The governor said the illegal rentals are having an impact on the availability of housing in Hawaii. “It doesn’t take a rocket scientist to figure out that as people are acquiring properties for the business of running a short-term rental, that it takes inventory out of our community.”

Caldwell said he is again urging Ige to veto the bill because there’s no specific information requiring the state to share the tax information it receives from platform companies with the counties.

The Senate bill requires the platform companies to report the names, addresses, tax ID numbers and other information of operators. The bill also says “all returns and other information provided by a tax collection agent shall be confidential, and disclosure thereof shall be prohibited.”

The state attorneys’ advisory letter did not address the issue specifically.
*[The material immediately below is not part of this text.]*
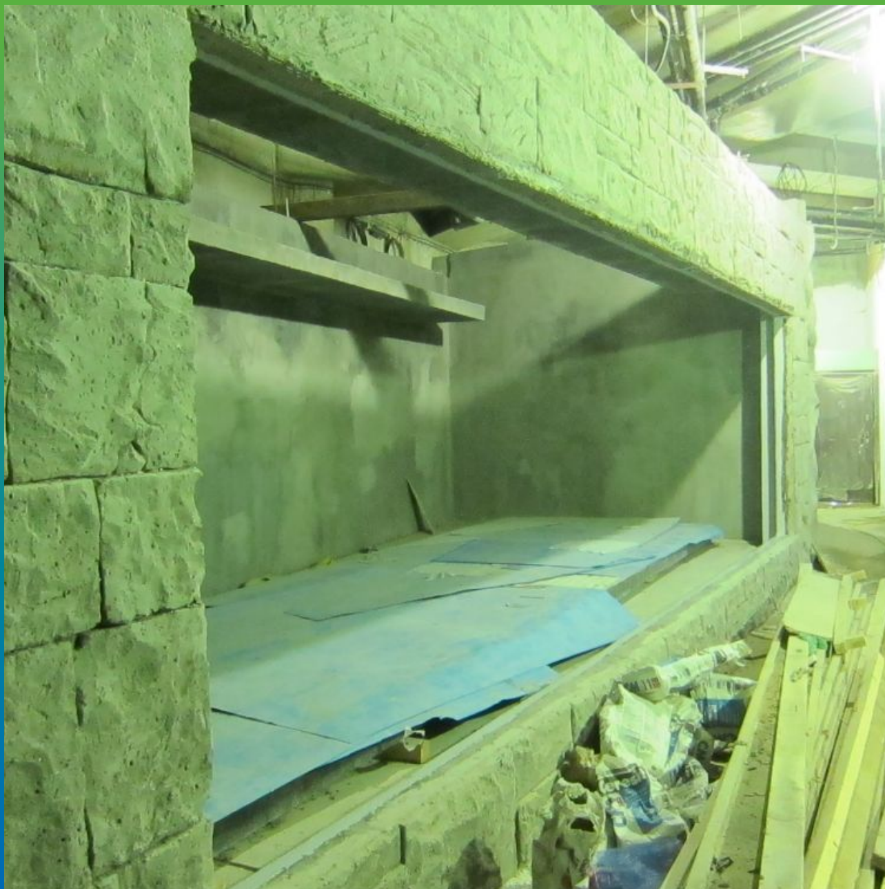
Подготовительные работы под гидроизоляцию "четвертей"

The state and county should be sharing information, he said. “We know who’s paying real property tax, and we know who’s getting a homeowner exemption or doesn’t,” he said. “We have information on ownership. The state has information on income generated from real property. And if we blend the two together, it helps us crack down on illegal activity in the vacation rental industry.”

Caldwell said he does not believe the act of paying taxes makes a business legal. “Al Capone went to prison for tax evasion, not for bootlegging or murdering people,” he said.